A decisão do Comitê de Contingência da Covid-19 do governo paulista de recomendar o uso de máscaras em locais fechados foi uma medida correta, segundo infectologistas. Porém, para eles, as autoridades deveriam não apenas sugerir, mas obrigar o uso do item a fim de evitar a propagação do Sars-Cov-2.
Nas últimas semanas, foi observada uma tendência de crescimento de casos. Dados da plataforma SP Covid-19 Info Tracker, criada por pesquisadores da USP e da Unesp com apoio da Fapesp para acompanhar a evolução da pandemia, mostram que a média móvel de novas internações (UTI e enfermaria) aumentou 74% no estado de São Paulo em três semanas. Foram comparados os dias 6 e 27 de maio, quando as médias alcançaram 176 e 306, respectivamente.
O fim da obrigatoriedade do uso de máscaras em locais fechados foi anunciado pelo ex-governador João Doria (PSDB) em 17 de março. O item, no entanto, ainda é obrigatório no transporte público e em unidades de saúde.
O anúncio da volta da recomendação ocorreu nesta terça-feira (31). Em nota, o governo disse que a decisão ocorre após ter se "verificado um crescimento no número de casos e hospitalizações, sem crescimento de óbitos proporcional graças à ampla cobertura vacinal do Estado de São Paulo referência e líder mundial em vacinação".
Nesta quarta (1º), a Prefeitura de São Paulo seguiu as orientações do governo e também anunciou apenas a recomendação do uso do equipamento.
Diretora da SBIm (Sociedade Brasileira de Imunizações), Monica Levi diz que a nova recomendação confunde as pessoas. "Infelizmente, temos um país dividido em como entender e enfrentar uma pandemia. Porém, o interesse coletivo tem que prevalecer em relação a opiniões individuais", afirma.
Para ela, é impossível realizar o controle de doenças infecto-contagiosas com base no bom senso. "É preciso que tenhamos diretrizes conforme os momentos da pandemia. É possível flexibilizar conforme as taxas baixas em lugares aberto, mas em fechados tem que ser obrigatório", disse Levi, que avalia que novas variantes têm elevado o número de casos e é preciso que "apertar medidas até que a Covid-19 se torne endêmica".
A médica cita ainda que, além da Covid, nesta época do ano em que são registradas baixas temperaturas e tempo seco é comum que seja registrado o aumento de síndromes respiratórias. Assim, a máscara teria a capacidade de evitar não apenas a propagação da Covid, como de gripe e outras doenças sazonais.
Médico e consultor da SBI (Sociedade Brasileira de Infectologia), Renato Grinbaum afirma que a decisão sobre a retirada de máscaras em locais fechadas foi prematura e "com embasamento científico precário". "Retornamos porque a pandemia não acabou", diz ele.

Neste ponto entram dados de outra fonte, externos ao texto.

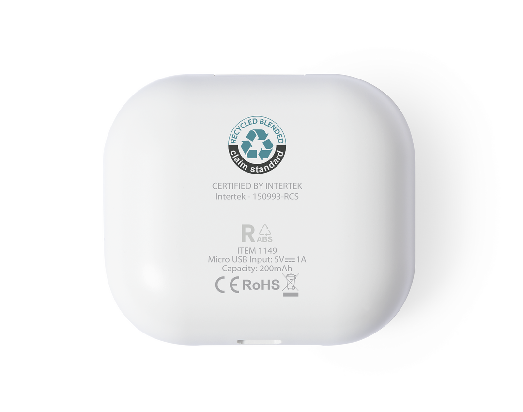 Auriculares intraurales de línea nature y conexión Bluetooth® 5.0, con batería de litio y en elegante acabado de color blanco. Fabricados en ABS reciclado (RABS) y con certificación RCS, que garantiza el origen reciclado del mismo. De diseño ergonómico, incluyen botón de control integrado en el auricular, con base de carga a juego e indicador LED de estado de carga. Función manos libres y recargables, con cable micro USB incluido. Presentados en atractiva caja de diseño eco. Conexión Bluetooth. Batería 35 mAh/ Base Carga 200 mAh
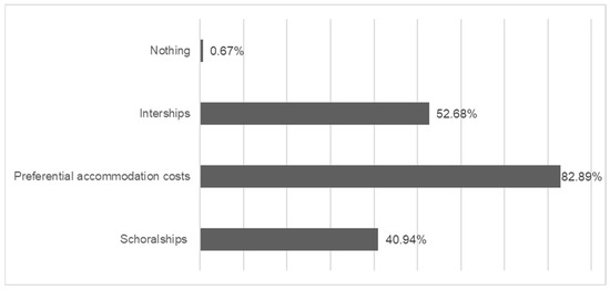 Almost half of the respondents do not know any incentive programs carried out by the city. The most recognizable are students’ scholarships offered by the President of the City of Gdansk. However, to the question related to the actions that the city should undertake to encourage students to settle in the city after graduation, over 80% of respondents indicated preferential accommodation costs as the most needed (Figure 4). Students pointed to internships and scholarships, as well.
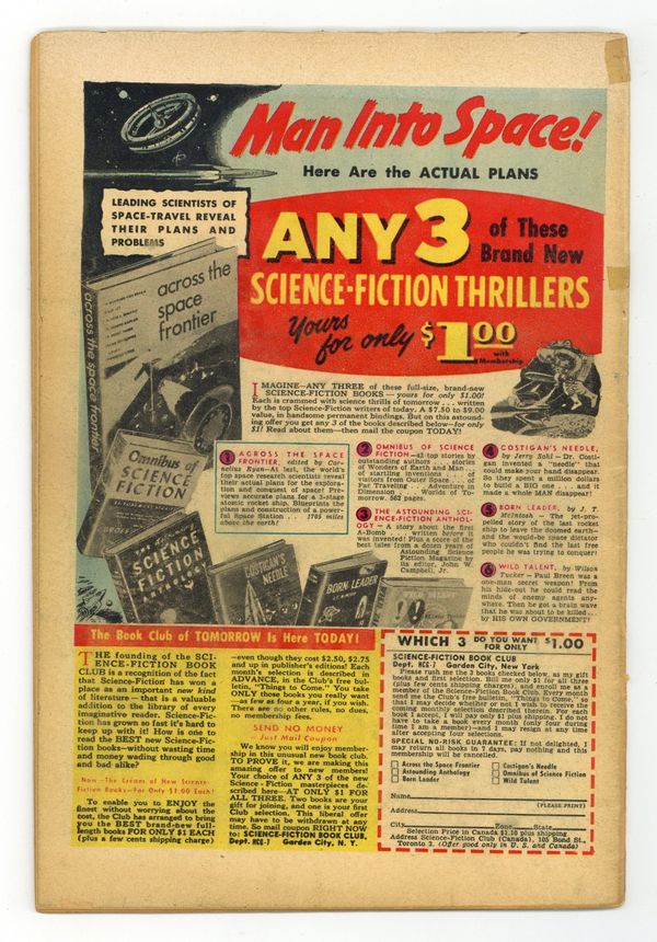 Cover art by Win Mortimer. Don't Give Fire a Place to Start! public service announcement starring Superboy, script by Jack Schiff, art by Win Mortimer. The Man Who Shadowed Batman! starring Batman and Robin, script by France Herron, pencils by Dick Sprang (as Bob Kane), inks by Charles Paris. The Doubles of Doom! starring Roy Raymond TV Detective, art by Ruben Moreira. The Case of the Cowardly Crew! starring Captain Compass, script by Otto Binder, art by Joe Certa. Whiz Cop article by Jack Miller (as Joe Masters). The Three Feats of Peril! starring Mysto Magician Detective, art by Leonard Starr. 44 pgs. $0.10. Cover price $0.10. Grade: GD- 1.8 explanation of grade Condition: Used (collectible)
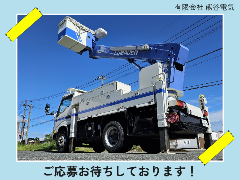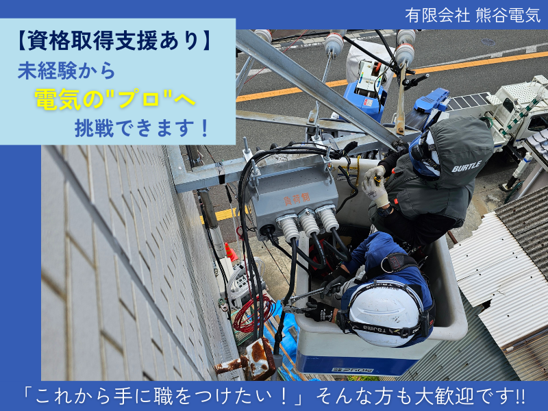 仕事内容 / 弊社では、電気工事士として 一緒に働いてくれる仲間をを募集しています! これから資格取得を目指したい方や 実務経験が全くない方も大歓迎です! \ ・・・・・・・・・・・・・・・・・・・・・・・・・・・・・・・・・・・・・・・・・・・・・・・・・・・・・・ ⭐当社のこちらのHPをぜひご覧ください⭐ 詳しい事業内容や会社情報などを公開しています。 会社の雰囲気や一緒に働く仲間の人柄を感じられるかもしれません! 【会社HP】 https://kumagaedenki.com (※リンクをコピーしてブラウザやアプリ等でご覧ください) ・・・・・・・・・・・・・・・・・・・・・・・・・・・・・・・・・・・・・・・・・・・・・・・・・・・・・・ 【 お仕事内容 】 電気の配線工事や設備設置、改修などの 電気工事を行います。 色んな現場を回るお仕事なので、 新しい現場や作業内容なども 毎日変化があり、退屈しませんよ! まずはできることからお任せします! 現場は体力仕事と思われがちですが、 そんなことはありません! “コツ”を掴めば、簡単です! 先輩が作業のコツから丁寧に教えます! 未経験でも安心して来てください! 当社は、一般の電気工事のお仕事をはじめ、 高圧工事や電線の敷設・配線や配管、回路増設、 アンテナ工事、照明器具取替、 太陽光設備工事など幅広い案件に対応しています! 筑前町の事務所へ出勤後、社用車で現場へ向かいます! 状況によっては直行直帰もOKです。 又、今後、会社情報をSNSで発信できればと考えていますので SNS等に興味のある方も歓迎です! ┏━━━━━━━━━━━━┓ ✨先輩スタッフからの一言✨ ┗━v━━━━━━━━━━┛ 未経験者の方は先輩がサポートしますので、 不安な事があれば気軽に頼ってください。 手厚いサポート(各種手当で月給+αを実現)で応援します! 若手の育成にも力を入れて考えていますので 電気工事に興味がある方で 「これから手に職をつけたい!」なんて方も歓迎です!
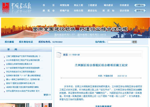 本网讯 2月19日,《中国建设报》刊发中建一局二公司兰州新区综合保税区综合楼项目施工纪实《在丝绸之路上翩然起舞》,全文及链接地址如下:http://www.chinajsb.cn/bz/content/2016-02/19/content_183014.htm
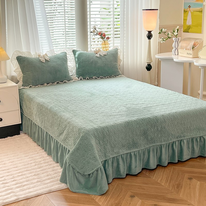 芭比蔓家纺 2025年新款雕花牛奶绒花边四件套-爱丽丝 爱丽丝-绿,爱丽丝-绿
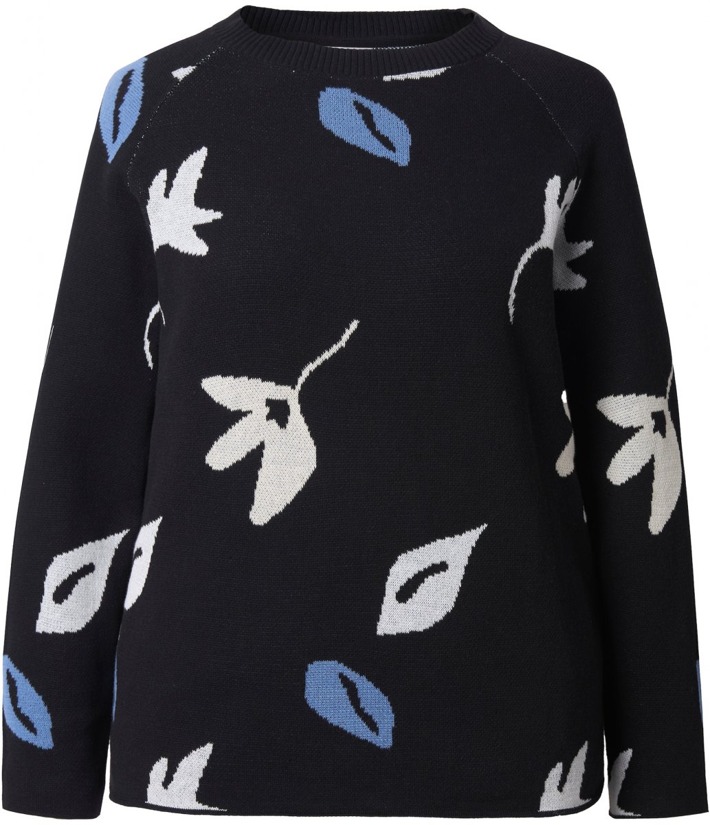 Dydžių vadovas - Ulla Popken Eco Cotton Leaf Pattern Long Sleeve Sweater Black
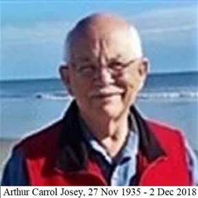 Josey COLUMBIA - Arthur Carrol Josey, died Sunday, December 2, 2018. Born in Lee County on November
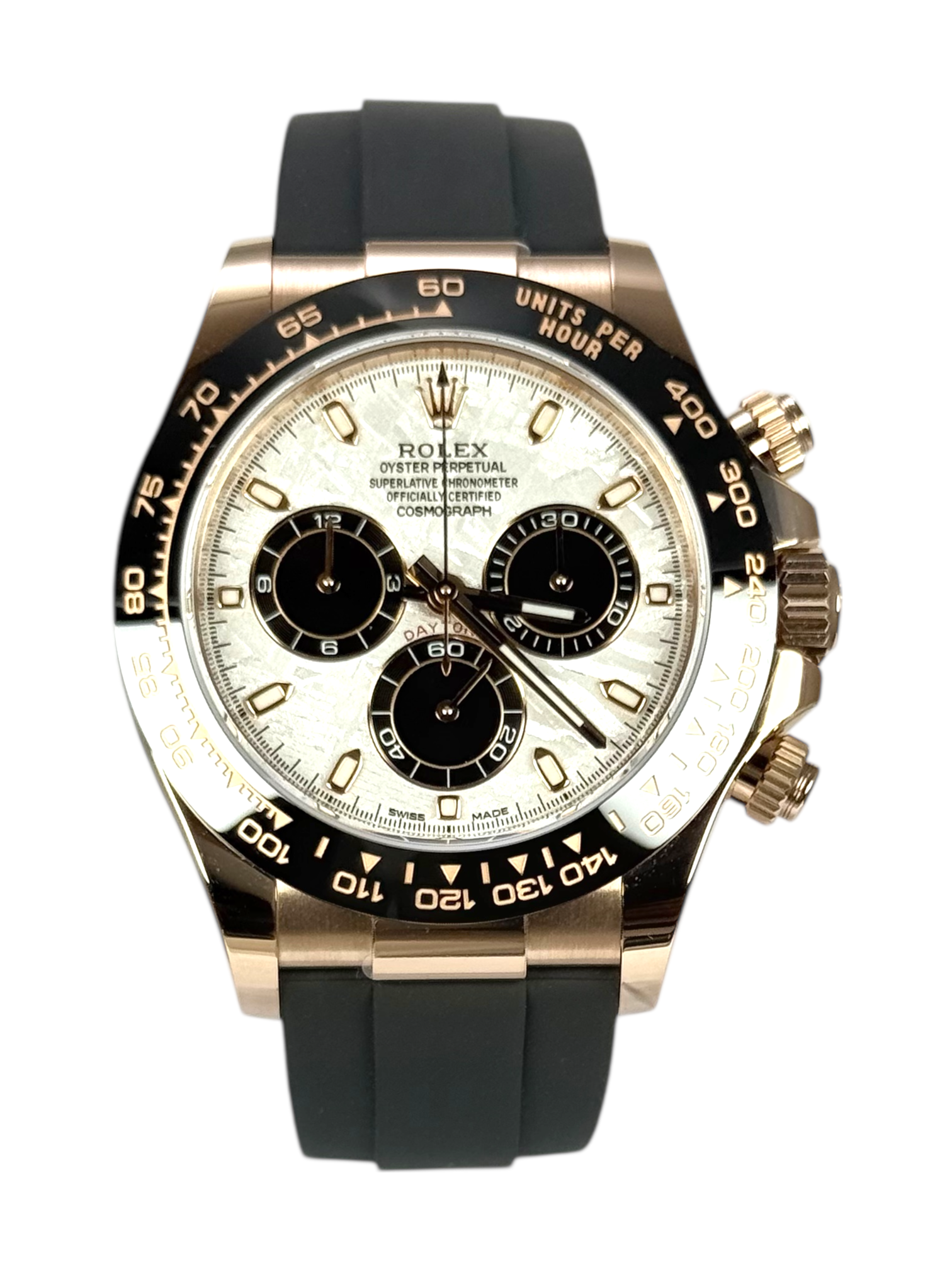 This Rolex Daytona 116515 LN has a meteorite dial and a rubber strap. This Rolex has undergone a thorough inspection of water resistance, accuracy, functionality and condition to determine the level of reconditioning required to meet our strict standards. It has also been referenced against technical documents and manufacturer records where available to ensure authenticity and a clean history. Our watches have a 24-month warranty for your peace of mind, in conjunction with any remaining manufacturer’s warranty from new or from service. To maintain the manufacturer’s warranty on this watch, it has not been polished in our service centre.

Grinbaum apoia o uso obrigatório das máscaras em locais fechados. "As autoridades não querem mais ser incisivas na pandemia e estão transferindo para os indivíduos decisões referentes à saúde pública."
Ele analisa que, apesar do aumento de número de casos, a situação epidemiológica não é tão grave quanto no ano passado. Porém, é necessário cuidado. "Falta também uma discussão do que fazer quando a pandemia acabar, como quais normas seguir e qual será o novo normal. Precisamos de uma transição não radical."
André Ricardo Ribas Freitas, professor de epidemiologia da Faculdade de Medicina São Leopoldo Mandic, concorda que o uso do equipamento de proteção em ambientes internos nunca deveria ter deixado de ser obrigatório.
"Ainda que essas medidas sejam tomadas agora, não me parece que serão impactantes porque não se trata de uma obrigatoriedade. As pessoas foram estimuladas a acreditar que a pandemia acabou, em decorrência da postura do estado, do governo federal e da falta da coordenação dessas ações", afirma ele.
Para Freitas, deve acontecer um aumento de casos de influenza. "A gente vai enfrentar nas próximas semanas um aumento dos casos de influenza e vírus sincicial, o que pode causar um estrangulamento no sistema."
"Por mais que não sejam casos muito graves, ainda temos uma quantidade de óbitos acima de média. Nós nos acostumamos a falar em centenas de mortes por Covid, mas isso não é normal", diz ele, que cita que há uma clara falta de coordenação unificada de estados.
O professor também analisa que a atual situação não chega aos níveis já vistos, como em momentos em que faltaram leitos de UTI e oxigênio. "Porém, temos sim uma sobrecarga nos prontos-socorros para doenças respiratórias e não estou vendo uma construção de uma rede capilar que consiga aumentar leitos como aconteceu em outros momentos."